Начнем сначала — страница 41 из 86

В одно мгновение превратилась я в одинокого, заброшенного, оглушенного изменой (прости за резкость) человека и невольно потянулась, нет, папа! не к воспоминаниям, радостным и веселым, о наших совместных поездках, не к твоим всегда умным, веселым и добрым письмам (не так их и много у меня), а к книгам, которые ты мне дарил к каждому празднику.

Твой любимый Достоевский считал страдания и гибель одного ребенка — недопустимо высокой, немыслимой, невозможной платой за гармонию всего человечества, а ты сразу подсек двоих ради…

Не могу ни выговорить, ни написать ради чего.

Значит, никакого милосердия в природе не существует? Можно перешагнуть, можно и наступить на ближнего? Лишь бы кому-то — удобно, кому-то — приятно, кому-то — выгодно. Ужас!.. А наши бесконечные разговоры о добре и зле, о духовной красоте человека — пустое словоблудие? Можно говорить одно, а делать — другое? Но ведь это двоедушие, позорное фарисейство!

Не смею, не хочу и не буду судить тебя. Но и понять — не в силах.

Ты поставил меня на разрыв: ты или мама? Левая или правая половина? Но гармония и счастье — только в целом.

Ты хочешь, чтобы я пришла в твой дом? Нет, папа. Туда я не приду. Ни с радостью. Ни с бедой. Никогда. Что бы ни случилось…

Попробую пережить, преодолеть. Хотя и нелегко! То и дело срываюсь. Не хочу, а плачу. Не хочу, а вспоминаю. Не хочу, а думаю. Думаю и думаю. Прежде и больше всего о тебе. Мне жалко тебя, папа. И маму. И себя. Всех жалко.

Боюсь, не устою на этом гребне. Так и подмывает вслед за мамой — в никуда. Из последних сил креплюсь. Найдется мама — уеду к ней. Дождаться бы только. Дотерпеть.
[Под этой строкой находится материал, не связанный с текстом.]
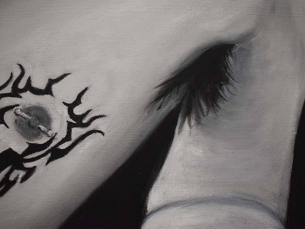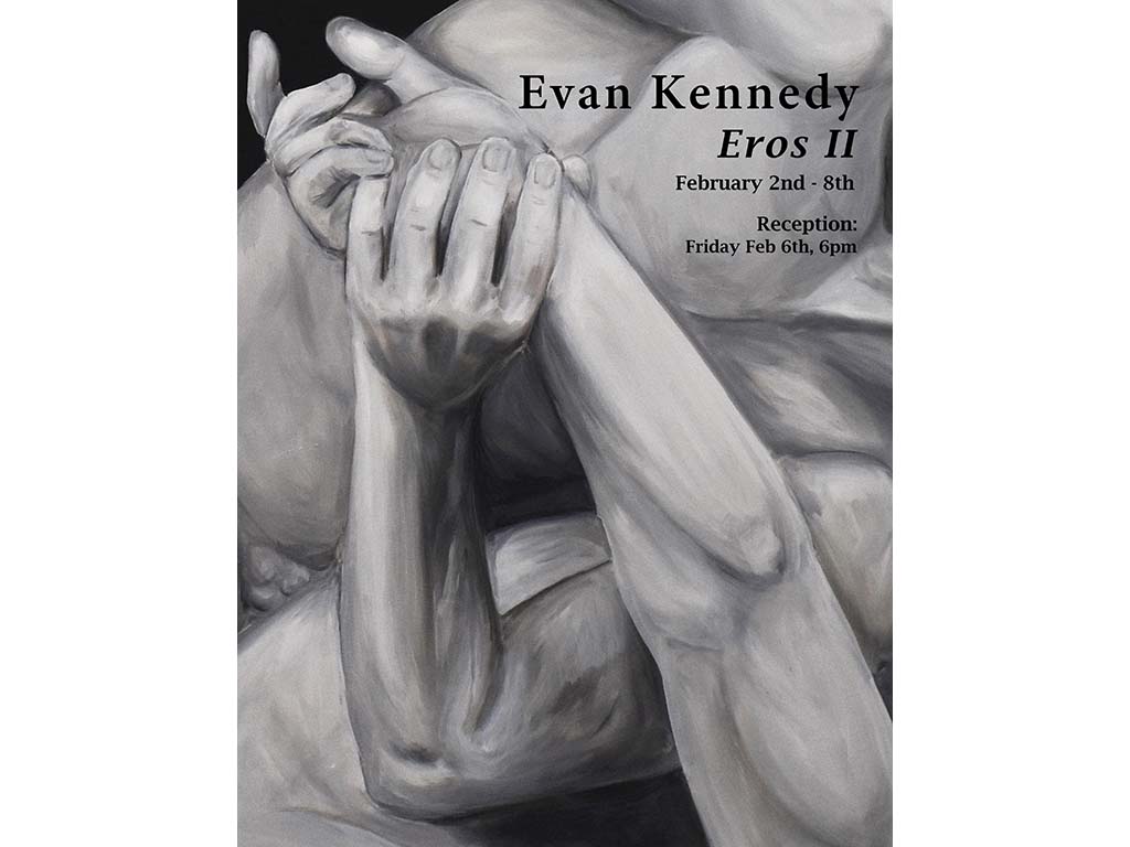 “Eros,” explores the complex relationship between queer erotica, art history and expressions of desire and intimacy. My paintings incorporate both the brashness of the leather subculture, to the quiet and tender intimacies of daily life. From the creation of my own canvases, to the deeply personal subject matter, my work is grounded in art history as well as queer history. The tension between the themes of the work, as well as the visual contrast creates dynamic and resonant artworks.

Почему ты не внушил мне веру в бога? Наверное, было бы куда легче. В одиночку, без поддержки, без веры — трудно. Очень, очень трудно…

Прощай, папа.

Лена».

ГЛАВА ТРЕТЬЯ

1

Тесен мир.

Огромен, но тесен.

Три тысячи верст пролетела Марфа от Гудыма до столичного аэропорта Домодедово. Далеко-далеко за спиной осталась последняя бессонная ночь в родном доме и все, что было связано с ним, с Гудымом, с Максимом, с Леной. Перепахать прожитое и засеять новью не было ни времени, ни сил. Но проложить, как ей казалось, непреодолимую, навсегда отгородившую ее от прошлого межу она сумела, осилила за те несколько часов, которые потребовались стремительному «Ту», чтобы умчать Марфу к новому неведомому берегу. И за все четыре часа перелета, лихорадочно перемалывая в сознании события последних дней, Марфа ни разу не пожалела о роковом шаге своем, не расслабилась, не всплакнула.

Сухо и горячо было на сердце.

Сухо и горячечно посверкивали глаза.

Скипелись высохшие губы, и нужно было усилие, чтобы их разлепить.
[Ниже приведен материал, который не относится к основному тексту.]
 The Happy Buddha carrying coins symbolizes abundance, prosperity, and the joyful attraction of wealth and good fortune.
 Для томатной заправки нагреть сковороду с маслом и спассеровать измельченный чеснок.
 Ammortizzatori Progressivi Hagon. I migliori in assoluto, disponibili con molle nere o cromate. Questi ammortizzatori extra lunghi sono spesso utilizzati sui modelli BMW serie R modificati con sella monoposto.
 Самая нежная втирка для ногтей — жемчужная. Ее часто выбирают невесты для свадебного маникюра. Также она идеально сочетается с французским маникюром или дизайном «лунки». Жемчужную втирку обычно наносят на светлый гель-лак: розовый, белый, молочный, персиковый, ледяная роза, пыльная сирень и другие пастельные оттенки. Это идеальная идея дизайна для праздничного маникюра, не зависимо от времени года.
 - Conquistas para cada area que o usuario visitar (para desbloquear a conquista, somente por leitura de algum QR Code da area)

Все ссохлось в ней, сжалось, окаменело, и только мысль полыхала, как таежный пожар, ничего не обходя, никого не щадя.

Обида двигала Марфой.

Она еще не перекипела, не пролилась горючими слезами. Копилась и копилась. По горькой жгучей капельке стекалась воедино, густела, тяжелела, неприметно перерастая в ненависть, прорубая ворота мести…

Тесен мир.

Огромен, но тесен.

Едва с чемоданами в руках Марфа вышла за стеклянные стены аэровокзала, глубоко и жадно дохнула влажным, пропахшим бензиновой гарью воздухом, как перед ней остановилась «Волга». Перед Марфой возникла Анна Филипповна Ужакова, жена бывшего главного инженера Гудымтрубопроводстроя, а ныне заместителя министра. Пышнотелая, дородная, яркая такая, о каких в народе принято говорить «кровь с молоком». Внимательно глянув на полное породистое лицо Анны Филипповны, можно было прочитать на нем: счастливая, довольная собой и жизнью женщина. Ни о чем не спрашивая, Анна Филипповна обняла, расцеловала Марфу. Сказала раскормленному, высокомерному шоферу:

— Помоги, пожалуйста.

Шофер нехотя вылез из машины, отворил багажник, положил туда чемоданы. А женщины тем временем уселись на заднее сиденье. Неуловимым движением Анна Филипповна стерла помаду со щеки Марфы, оглядела себя в зеркальце. Потом плотно придвинулась к Марфе и, заглядывая в глаза, спросила:

— Надолго в столицу?

— М-м… Недельки на две-три. Как поживется…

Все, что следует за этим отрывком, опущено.